If you can get a spare SSD even a $95 Samsung EVO 250GB you can install it there and it is really easy. Recommend unplugging windows drive during the install to make things easier. You can do two things from there. Setup grub (boot loader) to configure for windows or just use bios boot selection (typically f8,f11,f12 on boot) to select which drive to boot.

Thanks again! I can’t afford getting a new SSD, I have already a SSD running W10 and a HDD for data, so my idea is to either make some space in the SSD for Ubuntu (but that would be tight, I don’t have much free space) or make a separate partition in the data HDD and then install Ubuntu there. In either case I’d like to set up a dual-boot with W10 booting by default.
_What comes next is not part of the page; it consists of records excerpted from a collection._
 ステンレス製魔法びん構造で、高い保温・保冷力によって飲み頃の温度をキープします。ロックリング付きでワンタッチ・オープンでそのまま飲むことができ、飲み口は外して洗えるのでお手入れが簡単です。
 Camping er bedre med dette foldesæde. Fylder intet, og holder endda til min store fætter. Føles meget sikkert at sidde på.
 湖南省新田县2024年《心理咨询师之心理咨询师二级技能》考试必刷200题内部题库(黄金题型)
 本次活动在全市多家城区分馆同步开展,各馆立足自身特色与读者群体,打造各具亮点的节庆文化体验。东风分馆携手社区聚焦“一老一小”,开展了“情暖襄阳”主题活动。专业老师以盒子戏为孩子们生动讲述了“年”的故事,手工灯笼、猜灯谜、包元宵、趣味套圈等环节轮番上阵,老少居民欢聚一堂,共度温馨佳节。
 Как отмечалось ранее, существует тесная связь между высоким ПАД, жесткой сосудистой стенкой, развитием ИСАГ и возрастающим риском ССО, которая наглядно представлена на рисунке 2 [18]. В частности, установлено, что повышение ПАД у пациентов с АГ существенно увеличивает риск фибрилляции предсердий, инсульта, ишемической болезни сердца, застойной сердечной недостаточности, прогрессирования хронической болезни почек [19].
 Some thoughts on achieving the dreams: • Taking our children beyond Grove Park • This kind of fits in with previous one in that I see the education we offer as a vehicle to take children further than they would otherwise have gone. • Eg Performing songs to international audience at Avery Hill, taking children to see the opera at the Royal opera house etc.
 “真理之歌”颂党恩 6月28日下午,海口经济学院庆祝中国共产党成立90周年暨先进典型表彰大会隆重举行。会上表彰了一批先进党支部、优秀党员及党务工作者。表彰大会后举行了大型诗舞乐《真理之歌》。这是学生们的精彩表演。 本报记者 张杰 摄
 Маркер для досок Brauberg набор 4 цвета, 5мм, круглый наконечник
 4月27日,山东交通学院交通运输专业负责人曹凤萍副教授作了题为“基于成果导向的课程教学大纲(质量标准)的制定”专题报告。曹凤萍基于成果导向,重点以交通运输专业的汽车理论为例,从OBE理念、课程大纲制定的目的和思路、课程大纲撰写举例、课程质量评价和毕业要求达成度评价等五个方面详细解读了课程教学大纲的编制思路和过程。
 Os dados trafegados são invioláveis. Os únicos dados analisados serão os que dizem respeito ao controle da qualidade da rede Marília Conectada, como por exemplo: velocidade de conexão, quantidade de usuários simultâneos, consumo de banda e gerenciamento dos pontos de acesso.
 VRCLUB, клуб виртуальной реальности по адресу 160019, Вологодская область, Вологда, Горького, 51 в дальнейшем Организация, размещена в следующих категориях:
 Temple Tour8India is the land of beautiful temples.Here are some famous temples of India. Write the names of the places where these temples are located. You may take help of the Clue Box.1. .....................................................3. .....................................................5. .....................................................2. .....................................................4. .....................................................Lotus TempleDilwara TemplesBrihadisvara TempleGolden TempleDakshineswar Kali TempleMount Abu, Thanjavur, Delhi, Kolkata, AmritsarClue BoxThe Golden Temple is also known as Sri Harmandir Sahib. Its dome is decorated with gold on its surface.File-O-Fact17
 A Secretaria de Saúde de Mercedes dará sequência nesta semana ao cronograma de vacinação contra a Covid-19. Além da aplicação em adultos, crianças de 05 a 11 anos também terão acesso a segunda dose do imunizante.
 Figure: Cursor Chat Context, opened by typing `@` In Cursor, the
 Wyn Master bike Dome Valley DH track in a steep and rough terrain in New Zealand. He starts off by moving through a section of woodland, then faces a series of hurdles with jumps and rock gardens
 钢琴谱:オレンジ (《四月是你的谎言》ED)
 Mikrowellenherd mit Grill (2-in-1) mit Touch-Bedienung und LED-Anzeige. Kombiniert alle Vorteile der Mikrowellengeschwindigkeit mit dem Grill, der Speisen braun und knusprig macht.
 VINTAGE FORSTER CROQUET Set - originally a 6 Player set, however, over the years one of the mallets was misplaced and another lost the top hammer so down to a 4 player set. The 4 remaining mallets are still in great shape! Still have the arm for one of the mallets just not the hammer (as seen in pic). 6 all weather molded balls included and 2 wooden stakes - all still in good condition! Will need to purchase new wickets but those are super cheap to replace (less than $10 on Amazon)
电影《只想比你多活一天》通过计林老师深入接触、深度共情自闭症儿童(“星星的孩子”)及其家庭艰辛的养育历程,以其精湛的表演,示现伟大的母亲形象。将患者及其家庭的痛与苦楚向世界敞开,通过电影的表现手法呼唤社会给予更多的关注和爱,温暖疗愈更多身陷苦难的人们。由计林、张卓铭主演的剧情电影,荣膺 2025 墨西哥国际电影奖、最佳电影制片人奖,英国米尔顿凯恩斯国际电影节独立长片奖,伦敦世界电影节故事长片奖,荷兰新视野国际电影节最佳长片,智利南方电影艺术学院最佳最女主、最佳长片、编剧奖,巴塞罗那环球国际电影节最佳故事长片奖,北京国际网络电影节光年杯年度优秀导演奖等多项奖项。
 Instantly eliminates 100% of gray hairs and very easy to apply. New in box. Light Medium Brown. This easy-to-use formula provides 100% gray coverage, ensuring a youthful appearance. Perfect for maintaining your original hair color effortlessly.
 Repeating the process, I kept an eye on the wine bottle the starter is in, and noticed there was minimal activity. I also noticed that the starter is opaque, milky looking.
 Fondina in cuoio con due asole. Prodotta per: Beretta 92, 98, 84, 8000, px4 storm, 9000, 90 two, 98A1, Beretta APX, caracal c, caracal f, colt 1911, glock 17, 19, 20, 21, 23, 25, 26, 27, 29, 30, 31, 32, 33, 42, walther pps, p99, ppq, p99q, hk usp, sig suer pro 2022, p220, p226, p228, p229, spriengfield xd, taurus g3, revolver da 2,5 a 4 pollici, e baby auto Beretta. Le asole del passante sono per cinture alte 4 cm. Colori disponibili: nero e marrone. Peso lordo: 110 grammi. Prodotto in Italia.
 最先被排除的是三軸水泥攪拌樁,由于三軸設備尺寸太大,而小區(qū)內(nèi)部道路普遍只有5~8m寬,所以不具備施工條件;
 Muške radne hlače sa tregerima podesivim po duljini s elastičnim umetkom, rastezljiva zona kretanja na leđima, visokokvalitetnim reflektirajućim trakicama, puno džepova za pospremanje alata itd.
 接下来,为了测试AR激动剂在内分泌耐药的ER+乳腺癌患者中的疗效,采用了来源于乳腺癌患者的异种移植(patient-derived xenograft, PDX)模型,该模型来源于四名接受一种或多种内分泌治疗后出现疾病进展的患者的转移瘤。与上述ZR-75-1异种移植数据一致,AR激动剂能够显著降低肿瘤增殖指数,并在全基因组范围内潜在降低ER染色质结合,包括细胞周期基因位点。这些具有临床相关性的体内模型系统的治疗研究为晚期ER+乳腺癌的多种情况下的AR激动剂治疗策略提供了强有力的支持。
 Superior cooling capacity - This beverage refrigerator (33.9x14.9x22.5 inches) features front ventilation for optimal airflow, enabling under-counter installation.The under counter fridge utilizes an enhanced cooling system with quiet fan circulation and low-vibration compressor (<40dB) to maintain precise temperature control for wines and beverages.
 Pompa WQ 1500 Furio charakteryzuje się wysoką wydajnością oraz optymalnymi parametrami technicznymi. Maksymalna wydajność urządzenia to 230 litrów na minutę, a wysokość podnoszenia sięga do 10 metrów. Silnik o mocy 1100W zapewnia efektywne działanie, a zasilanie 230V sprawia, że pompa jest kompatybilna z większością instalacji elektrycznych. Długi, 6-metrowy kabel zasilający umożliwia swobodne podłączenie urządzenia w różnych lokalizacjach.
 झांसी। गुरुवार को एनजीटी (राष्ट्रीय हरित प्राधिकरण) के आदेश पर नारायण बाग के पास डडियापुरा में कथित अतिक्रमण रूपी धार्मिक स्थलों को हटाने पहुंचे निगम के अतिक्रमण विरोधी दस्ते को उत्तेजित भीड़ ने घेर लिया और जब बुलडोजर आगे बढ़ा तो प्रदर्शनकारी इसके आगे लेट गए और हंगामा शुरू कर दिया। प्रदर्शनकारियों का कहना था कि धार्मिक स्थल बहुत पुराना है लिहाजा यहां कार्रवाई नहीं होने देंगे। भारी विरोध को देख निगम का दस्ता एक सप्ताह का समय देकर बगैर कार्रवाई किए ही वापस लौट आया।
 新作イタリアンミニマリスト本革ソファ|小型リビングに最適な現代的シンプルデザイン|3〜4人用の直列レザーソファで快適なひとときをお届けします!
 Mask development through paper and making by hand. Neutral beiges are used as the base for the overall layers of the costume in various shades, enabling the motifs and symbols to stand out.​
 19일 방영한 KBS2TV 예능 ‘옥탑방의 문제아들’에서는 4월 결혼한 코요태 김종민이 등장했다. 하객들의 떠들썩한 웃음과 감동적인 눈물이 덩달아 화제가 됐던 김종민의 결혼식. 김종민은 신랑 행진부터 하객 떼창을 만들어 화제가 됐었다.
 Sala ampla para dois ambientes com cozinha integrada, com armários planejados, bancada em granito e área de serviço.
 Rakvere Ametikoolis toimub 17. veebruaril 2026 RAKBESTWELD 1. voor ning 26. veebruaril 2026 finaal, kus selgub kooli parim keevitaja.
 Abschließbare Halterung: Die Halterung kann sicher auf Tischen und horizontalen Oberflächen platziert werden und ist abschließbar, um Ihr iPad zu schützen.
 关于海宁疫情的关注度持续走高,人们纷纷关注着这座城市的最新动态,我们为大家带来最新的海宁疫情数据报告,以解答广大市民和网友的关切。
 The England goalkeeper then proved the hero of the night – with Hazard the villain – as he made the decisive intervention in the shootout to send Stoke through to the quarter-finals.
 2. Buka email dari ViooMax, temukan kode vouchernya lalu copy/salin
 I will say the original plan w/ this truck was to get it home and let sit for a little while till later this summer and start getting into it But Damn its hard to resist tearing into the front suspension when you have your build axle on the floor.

@mgarrus and @Estiui here are the steps I did for my 64-bit Win7 with GTX 960 setup:

Now you want to create a GPU environment for Tensorflow and install all these packages into it (and any other packages you want to use):

  • conda create --name tensorflow-gpu python=3.5
  • activate tensorflow-gpu
  • conda install jupyter
  • conda install scipy
  • conda install matplotlib
  • conda install pandas
  • conda install scikit-learn
  • conda install numpy
  • conda install keras
  • conda install pillow
  • conda install bcolz
  • conda install h5py
  • pip install tensorflow-gpu

Note that you HAVE to use Anaconda Python 3.5… Tensorflow will only work with that specific version on Windows (not 2.7, not 3.6).

Whenever you want to use your new setup, pull up a Windows command prompt, and type this into it:

  • activate tensorflow-gpu

Change to whatever directory you want, then ‘jupyter notebook’ to start up Jupyter. It will automatically open a browser window in your default browser.

A few things to note:

  • Tensorflow uses different dimension ordering than Theano:
For 2D data (e.g. image), "tf" assumes (rows, cols, channels) while "th" assumes (channels, rows, cols).
For 3D data, "tf" assumes (conv_dim1, conv_dim2, conv_dim3, channels) while "th" assumes (channels, conv_dim1, conv_dim2, conv_dim3).
  • An alternate “quick and dirty” kludge for the class notebooks is to just specify “th” ordering in the keras.json file (in the .keras directory):

{
“image_dim_ordering”: “th”,
“epsilon”: 1e-07,
“floatx”: “float32”,
“backend”: “tensorflow”
}

  • There are a few things you need to change for Python 3.5 – such as cPickle becomes _Pickle… I don’t remember what they all were, but it something worked in 2.7 but you get an error in 3.5, that’s likely to be the problem.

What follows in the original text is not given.